Second Cup has formed an alliance with National Access Cannabis Corporation (symbol META on the Toronto Venture Exchange). National operates 10 medical cannabis clinics that connect Canadians with licensed producers. The clinic’s staff offer patients an education session and provide liaison services with licensed producers. This assists patients in selecting strains of medical cannabis based on their condition and medical needs.

The two companies planned to convert some of Second Cup’s outlets into cannabis retail stores (which will operate under the “Meta Cannabis Supply Co.” banner) and vaping lounges.

Second Cup and National will equally own the new cannabis stores and share the conversion costs. National will operate them.

The partners are now converting two Second Cup stores in Alberta.
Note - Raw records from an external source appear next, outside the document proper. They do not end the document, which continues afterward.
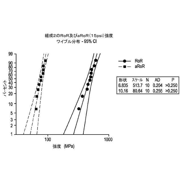 の破壊靭性値を示す。例えばイオン交換プロセスによる化学的強化は、ガラス又はガラスセラミックに、表面からある深さ(例えば50~100μm)まで、圧縮応力層を付与することにより、上記ガラス又はガラスセラミックの上記表面における割れの貫入に対するある程度の耐性を提供できるが、割れ貫入耐性は限定される場合があり、割れが上記圧縮応力層を通ってガラス又はガラスセラミックの体積内に貫入した後ではもはや有効でなくなる。上記強化は、割れの貫入に対するある程度の耐性を提供するものの、材料の固有の特性(k1c)はイオン交換によって影響を受けない。特に損傷耐性及び破壊靭性に関する、ガラス系材料の機械的特性の改善には、焦点が当てられ続けている。従って、改善された損傷耐性及び破壊靭性を材料に提供することが必要とされている。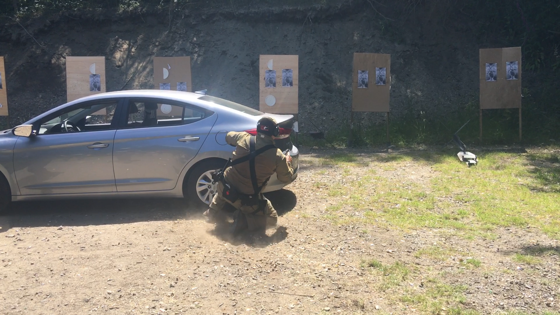 Once the instructors had gauged the ability of individuals to operate their firearms in a safe and efficient manner we moved on to dry fire drills involving shooting in and around vehicles. Shooters were paired up in buddy teams, and each team member worked through each drill. The cadre was there to provide feedback that would help improve efficiency later in the day. Each drill led in a logical manner to the next and built upon the last gaining in complexity. The Cadre were also very open to questions. Unlike a lot of GORUCK events, the Cadre created a constructive learning environment. Instructors had a logical reason for each and every correction made, or movement technique taught.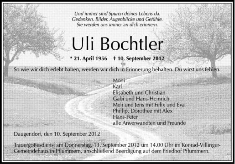 Hier finden Sie alle Traueranzeigen aus der Zeitung, die bisher für Uli Bochtler erschienen sind. Weitere Traueranzeigen, die in der Zeitung erscheinen, werden hier ebenfalls aufgelistet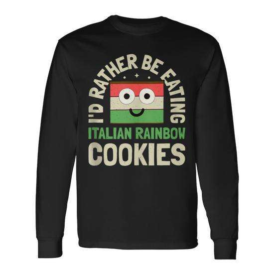 T-shirt a maniche lunghe con stampa Rainbow Cookie in italiano, design I'd Rather Be Eating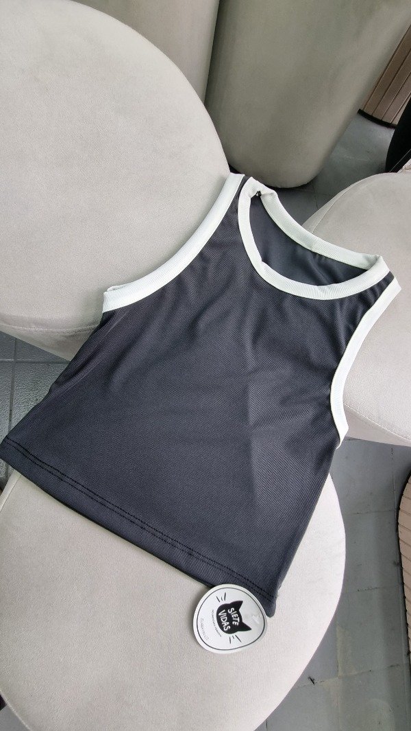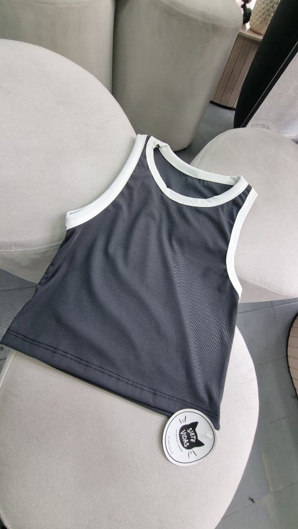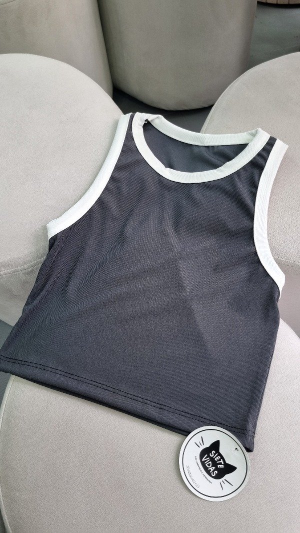 Musculosa de morley microfibra gris con bordes blanco.

They have yet to reveal how many coffee shops they expect to convert but have identified several stores in Ontario that could become cannabis dispensaries.

As part of the agreement, National issued 5 million warrants to Second Cup. These warrants, with an exercise price of $0.91, will expire on April 12, 2023; National’s current share price is $0.55.

To help pay for the conversion costs, in May 2018 the company sold 2.9 million common shares at $3.45 a share for proceeds of $10.0 million.

The stock jumped to $4.05 on April 16, 2018, on news of the deal with National. It has since dropped back to its current price. The venture with National offers growth prospects but will face considerable competition in a market where supply networks and customer demand are still uncertain. Still, Second Cup’s established store network and expertise in serving customers could give it a bit of an edge.

The company is now conducting a strategic review of its operations. That could lead to the sale of company-owned stores, or perhaps the entire company. It may also pursue acquisitions of certain coffee and food brands.

Second Cup is okay to hold, but only for aggressive investors.